| What to work on |
Copy the records below exactly, starting at the line that contains "Funda de Piel" and ending at the line that contains "大家好,我是泽泽,双神活动之"; leave out any pictures.

| Provided data |
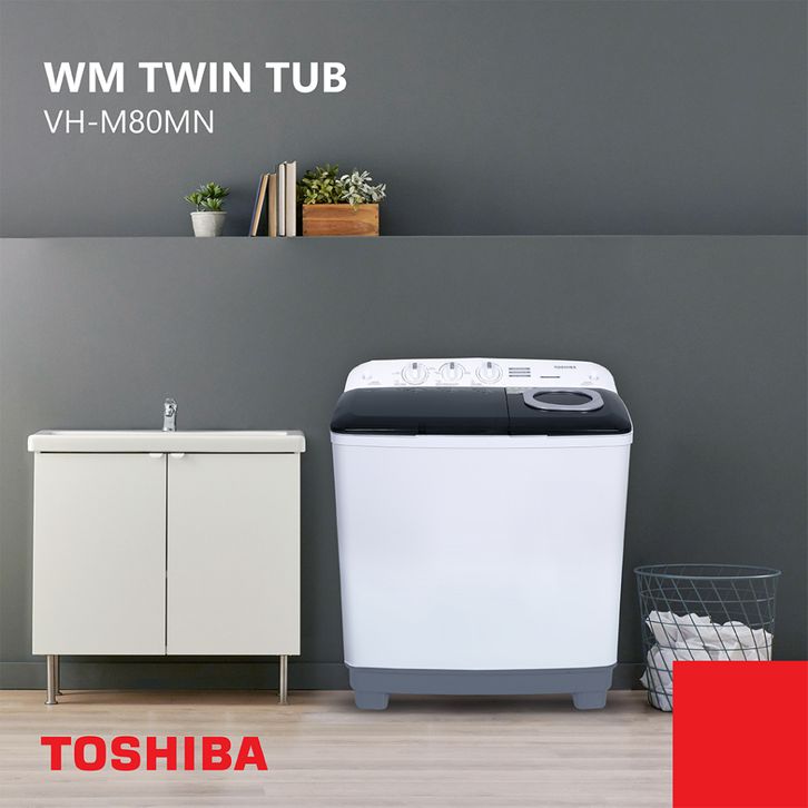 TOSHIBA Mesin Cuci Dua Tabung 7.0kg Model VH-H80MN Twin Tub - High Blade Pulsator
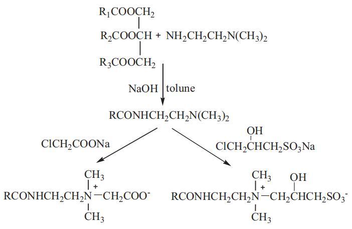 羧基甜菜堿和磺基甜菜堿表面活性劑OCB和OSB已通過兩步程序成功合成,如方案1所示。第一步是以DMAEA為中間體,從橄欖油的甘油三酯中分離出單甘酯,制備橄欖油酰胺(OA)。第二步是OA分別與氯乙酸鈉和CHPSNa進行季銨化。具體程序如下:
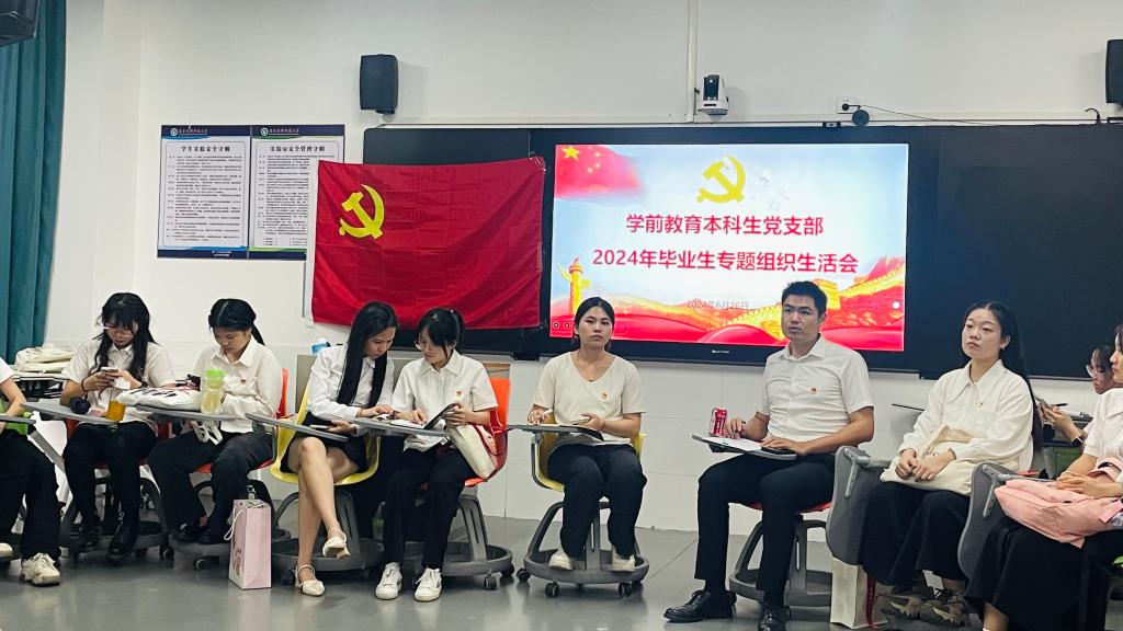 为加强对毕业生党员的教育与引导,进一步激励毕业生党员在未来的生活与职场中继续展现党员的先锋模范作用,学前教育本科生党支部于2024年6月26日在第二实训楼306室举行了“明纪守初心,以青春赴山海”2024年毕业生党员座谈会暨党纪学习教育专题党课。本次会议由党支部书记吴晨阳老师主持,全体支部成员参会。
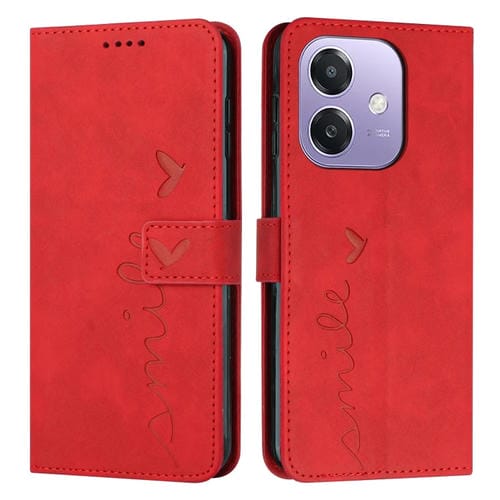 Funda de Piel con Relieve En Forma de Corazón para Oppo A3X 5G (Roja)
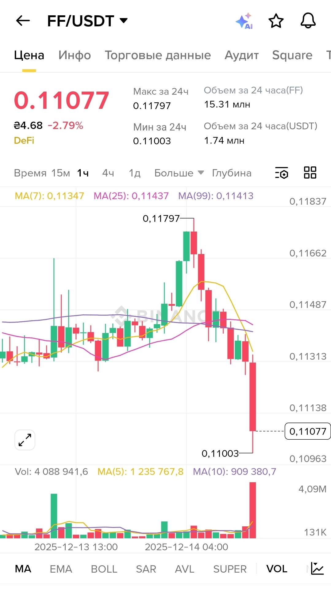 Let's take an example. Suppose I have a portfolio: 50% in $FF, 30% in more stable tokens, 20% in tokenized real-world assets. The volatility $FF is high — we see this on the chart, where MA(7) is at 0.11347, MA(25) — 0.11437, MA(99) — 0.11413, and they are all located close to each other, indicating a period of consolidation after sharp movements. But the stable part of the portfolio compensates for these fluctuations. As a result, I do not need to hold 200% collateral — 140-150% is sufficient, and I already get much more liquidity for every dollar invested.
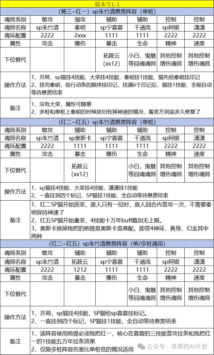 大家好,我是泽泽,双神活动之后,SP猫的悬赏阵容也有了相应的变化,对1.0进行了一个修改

...

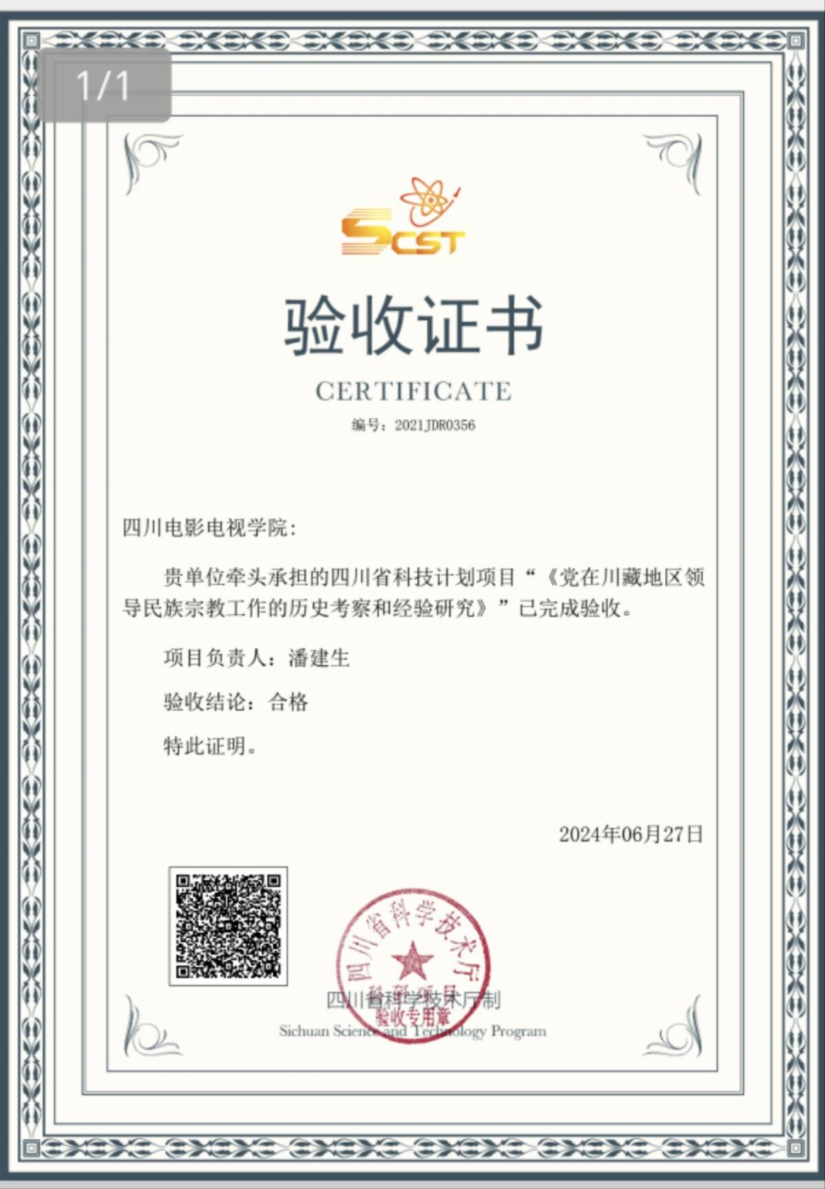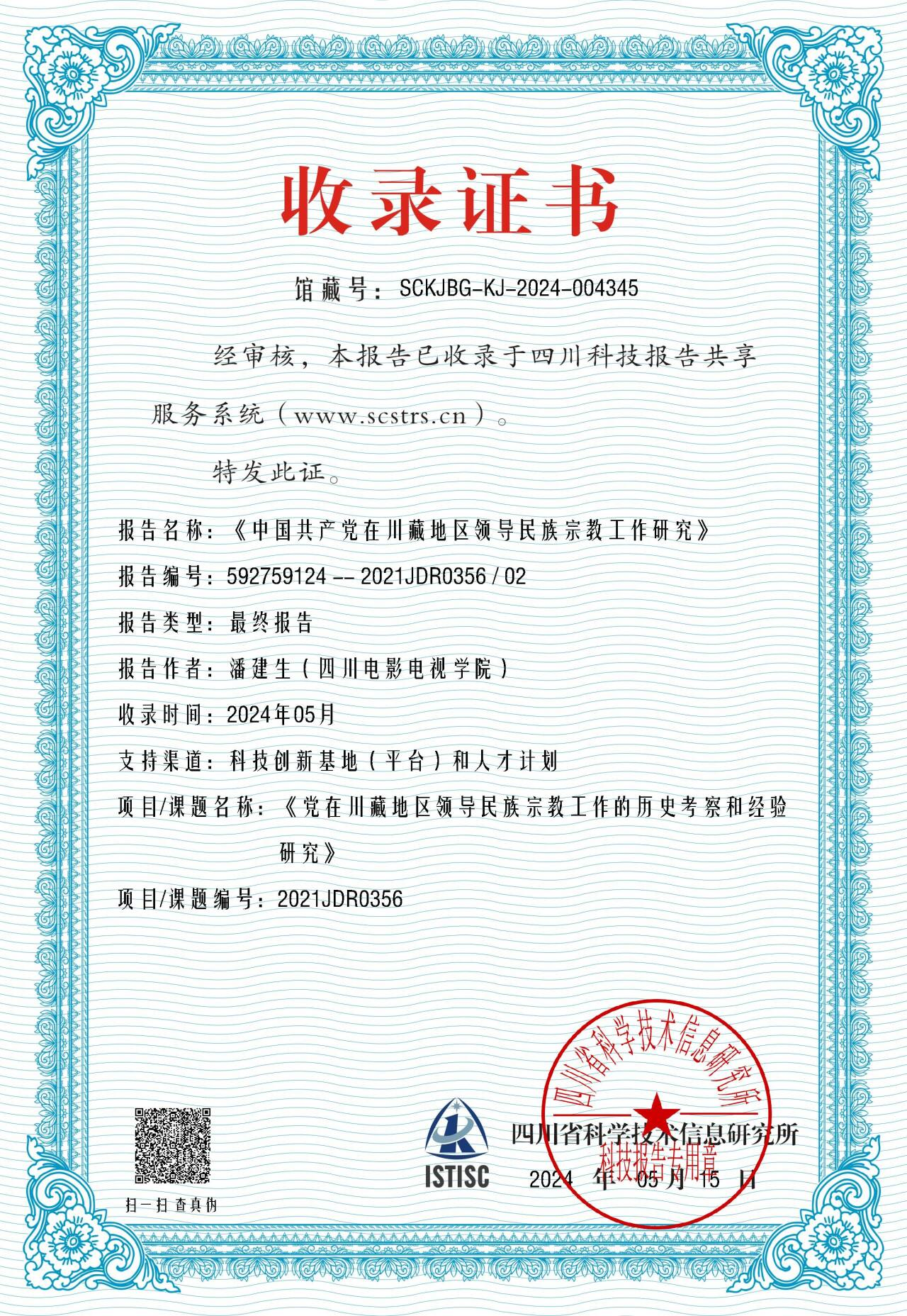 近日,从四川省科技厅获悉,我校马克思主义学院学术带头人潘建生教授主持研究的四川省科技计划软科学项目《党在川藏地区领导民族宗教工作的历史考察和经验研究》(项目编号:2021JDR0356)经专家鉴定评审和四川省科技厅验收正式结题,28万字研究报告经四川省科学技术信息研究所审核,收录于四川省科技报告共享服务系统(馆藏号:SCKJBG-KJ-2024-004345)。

...

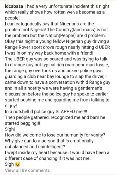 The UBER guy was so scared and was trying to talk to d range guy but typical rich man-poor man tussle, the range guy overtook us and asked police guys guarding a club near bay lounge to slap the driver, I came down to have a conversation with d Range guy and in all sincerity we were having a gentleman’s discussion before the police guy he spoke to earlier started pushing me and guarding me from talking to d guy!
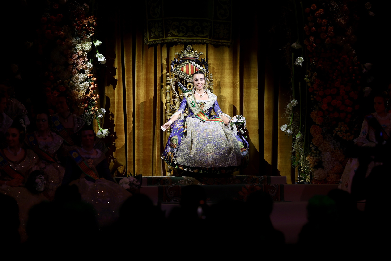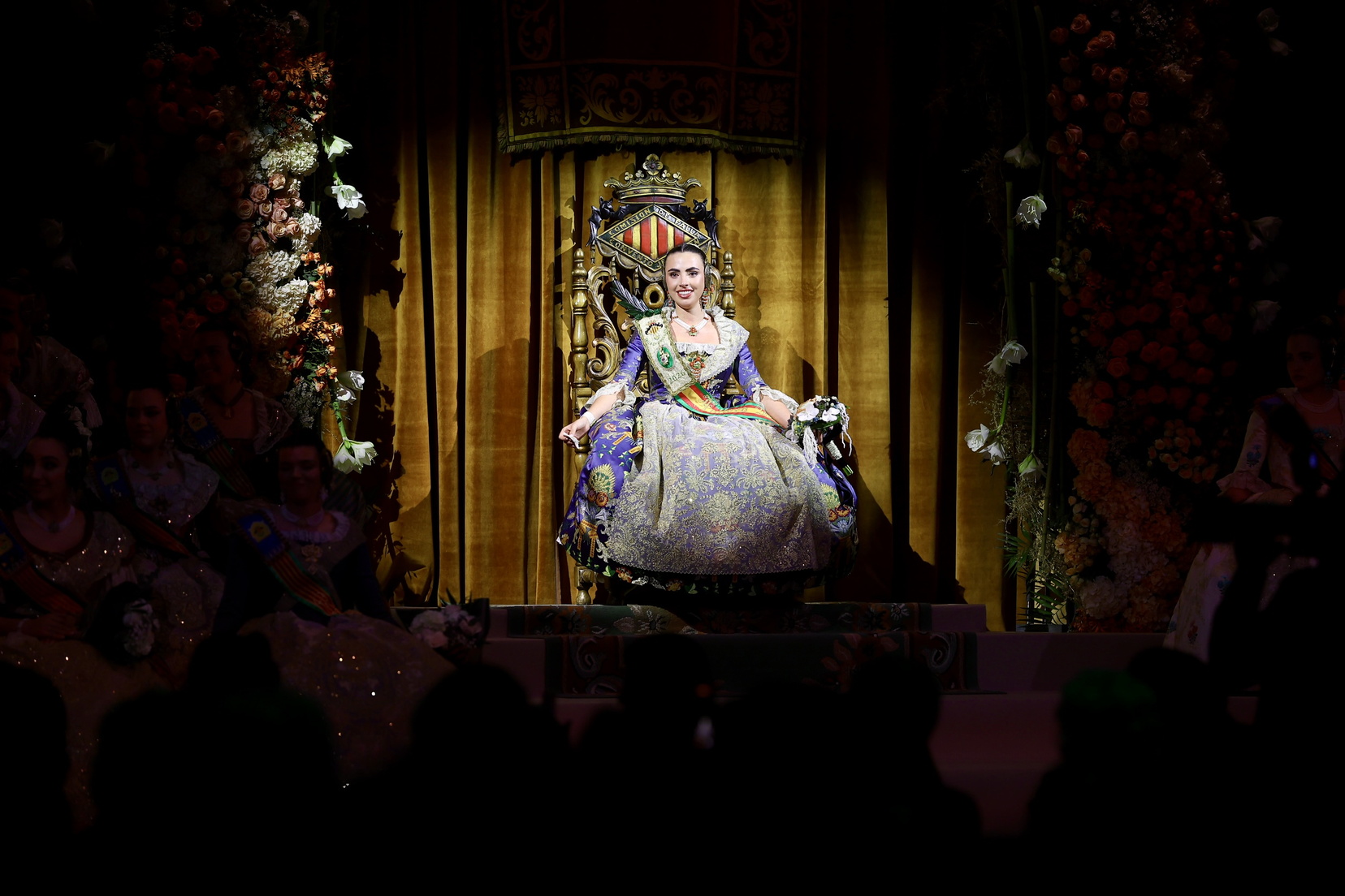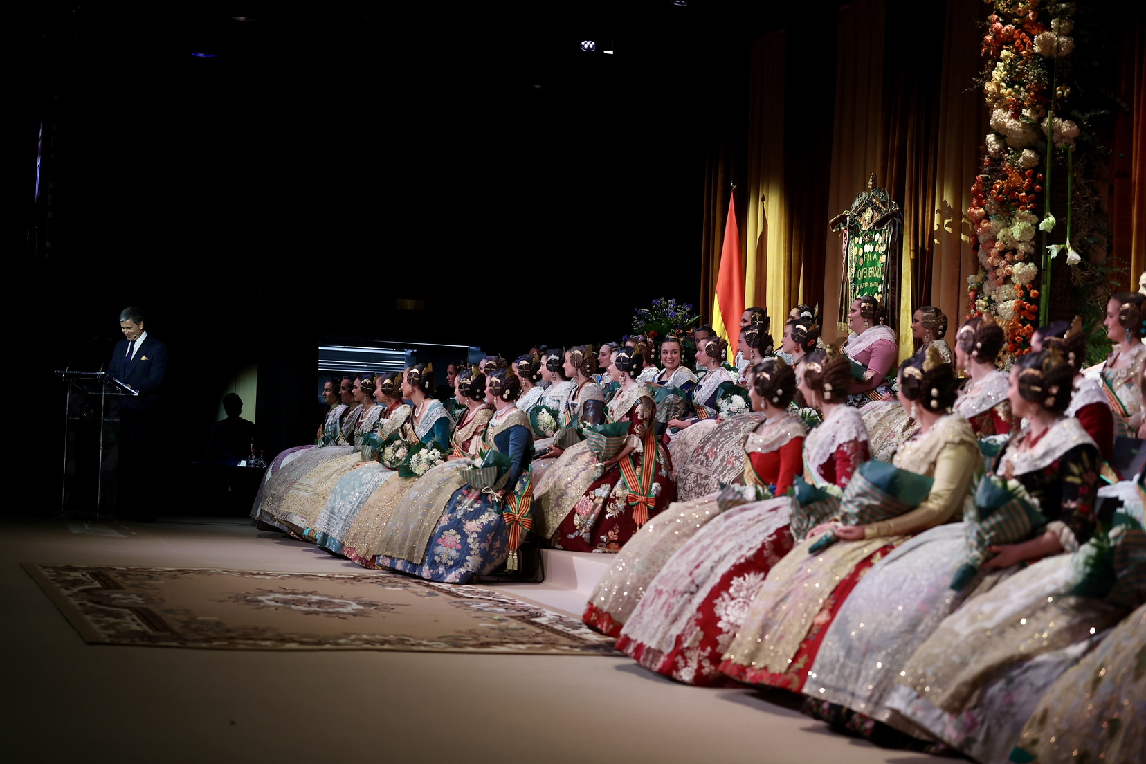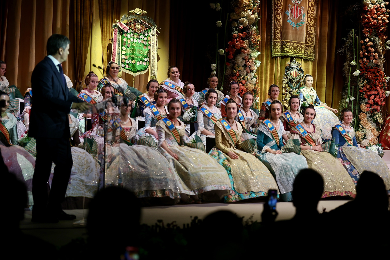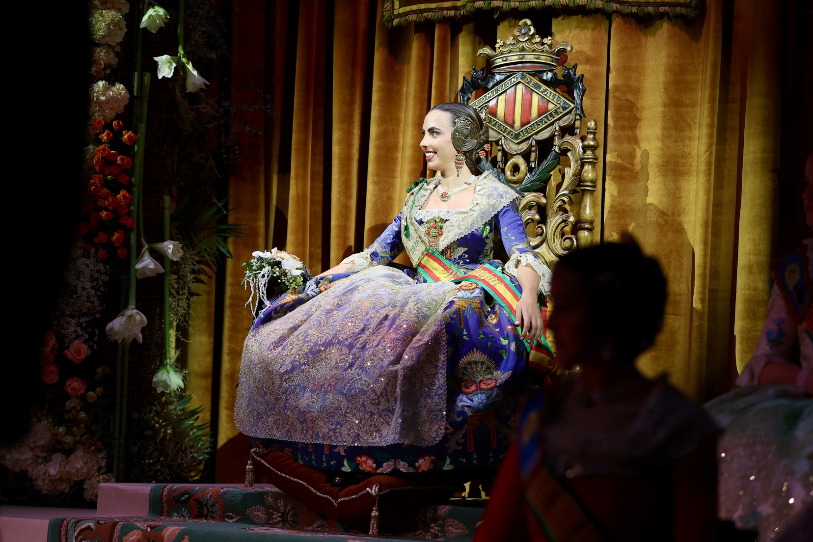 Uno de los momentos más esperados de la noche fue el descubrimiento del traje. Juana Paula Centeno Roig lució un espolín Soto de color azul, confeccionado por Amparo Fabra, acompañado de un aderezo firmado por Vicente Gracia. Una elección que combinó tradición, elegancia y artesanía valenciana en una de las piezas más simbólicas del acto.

| Solution below |
 Funda de Piel con Relieve En Forma de Corazón para Oppo A3X 5G (Roja)
 Let's take an example. Suppose I have a portfolio: 50% in $FF, 30% in more stable tokens, 20% in tokenized real-world assets. The volatility $FF is high — we see this on the chart, where MA(7) is at 0.11347, MA(25) — 0.11437, MA(99) — 0.11413, and they are all located close to each other, indicating a period of consolidation after sharp movements. But the stable part of the portfolio compensates for these fluctuations. As a result, I do not need to hold 200% collateral — 140-150% is sufficient, and I already get much more liquidity for every dollar invested.
 大家好,我是泽泽,双神活动之后,SP猫的悬赏阵容也有了相应的变化,对1.0进行了一个修改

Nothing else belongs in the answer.